-- Opening Marker --

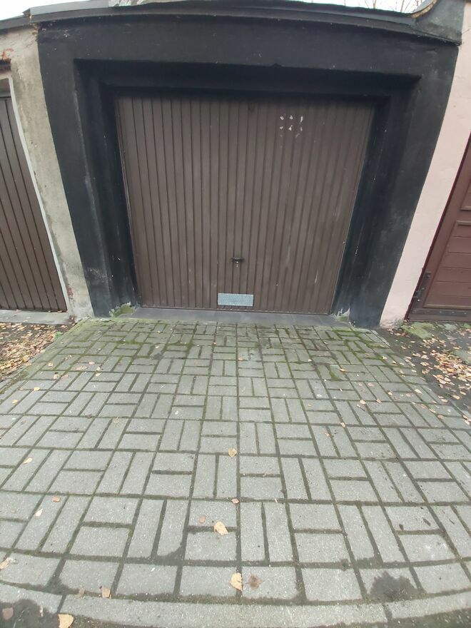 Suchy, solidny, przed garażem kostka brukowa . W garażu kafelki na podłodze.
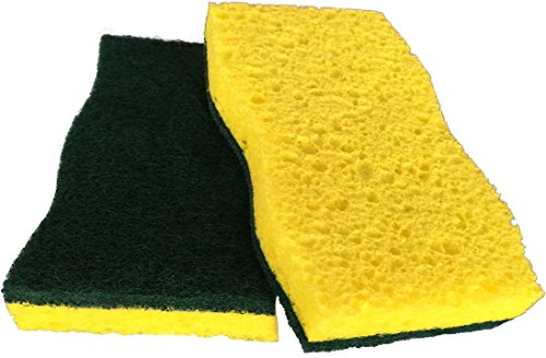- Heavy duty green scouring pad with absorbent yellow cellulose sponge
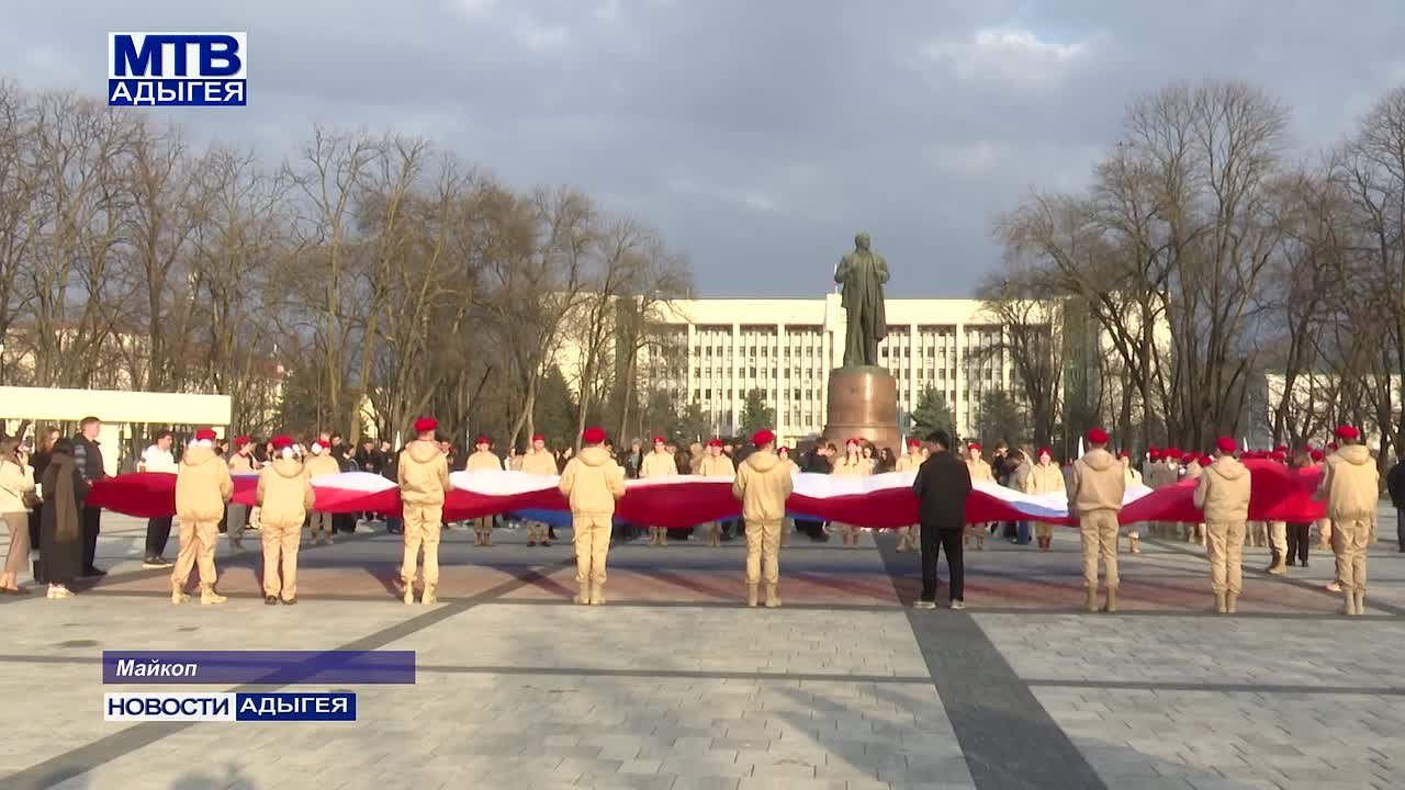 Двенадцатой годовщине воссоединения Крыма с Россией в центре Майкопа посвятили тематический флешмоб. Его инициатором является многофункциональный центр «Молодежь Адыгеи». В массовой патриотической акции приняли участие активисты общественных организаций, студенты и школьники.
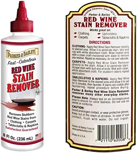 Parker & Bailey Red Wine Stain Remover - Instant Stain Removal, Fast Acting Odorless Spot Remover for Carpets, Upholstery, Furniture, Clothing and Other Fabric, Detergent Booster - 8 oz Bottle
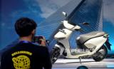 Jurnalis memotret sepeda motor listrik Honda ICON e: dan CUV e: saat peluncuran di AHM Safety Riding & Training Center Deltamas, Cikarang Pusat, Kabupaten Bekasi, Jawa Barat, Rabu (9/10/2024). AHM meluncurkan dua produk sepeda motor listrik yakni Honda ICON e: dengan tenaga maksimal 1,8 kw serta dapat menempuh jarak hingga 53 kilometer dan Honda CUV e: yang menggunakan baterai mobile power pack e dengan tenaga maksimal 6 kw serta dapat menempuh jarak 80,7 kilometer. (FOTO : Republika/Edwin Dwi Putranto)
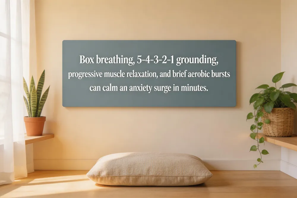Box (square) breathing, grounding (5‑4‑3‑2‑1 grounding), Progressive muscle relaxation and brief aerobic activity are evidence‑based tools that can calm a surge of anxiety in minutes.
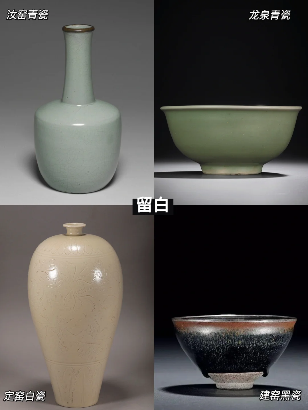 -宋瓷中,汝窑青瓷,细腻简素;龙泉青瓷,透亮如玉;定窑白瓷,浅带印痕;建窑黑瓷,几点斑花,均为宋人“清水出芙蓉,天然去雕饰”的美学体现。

-- Closing Marker --

**WHAT THE TASK REQUIRES:**
Give the preceding data back exactly, minus every picture.

**EXERCISE OUTPUT:**
 Suchy, solidny, przed garażem kostka brukowa . W garażu kafelki na podłodze.
- Heavy duty green scouring pad with absorbent yellow cellulose sponge
 Двенадцатой годовщине воссоединения Крыма с Россией в центре Майкопа посвятили тематический флешмоб. Его инициатором является многофункциональный центр «Молодежь Адыгеи». В массовой патриотической акции приняли участие активисты общественных организаций, студенты и школьники.
 Parker & Bailey Red Wine Stain Remover - Instant Stain Removal, Fast Acting Odorless Spot Remover for Carpets, Upholstery, Furniture, Clothing and Other Fabric, Detergent Booster - 8 oz Bottle
 Jurnalis memotret sepeda motor listrik Honda ICON e: dan CUV e: saat peluncuran di AHM Safety Riding & Training Center Deltamas, Cikarang Pusat, Kabupaten Bekasi, Jawa Barat, Rabu (9/10/2024). AHM meluncurkan dua produk sepeda motor listrik yakni Honda ICON e: dengan tenaga maksimal 1,8 kw serta dapat menempuh jarak hingga 53 kilometer dan Honda CUV e: yang menggunakan baterai mobile power pack e dengan tenaga maksimal 6 kw serta dapat menempuh jarak 80,7 kilometer. (FOTO : Republika/Edwin Dwi Putranto)
Box (square) breathing, grounding (5‑4‑3‑2‑1 grounding), Progressive muscle relaxation and brief aerobic activity are evidence‑based tools that can calm a surge of anxiety in minutes.
 -宋瓷中,汝窑青瓷,细腻简素;龙泉青瓷,透亮如玉;定窑白瓷,浅带印痕;建窑黑瓷,几点斑花,均为宋人“清水出芙蓉,天然去雕饰”的美学体现。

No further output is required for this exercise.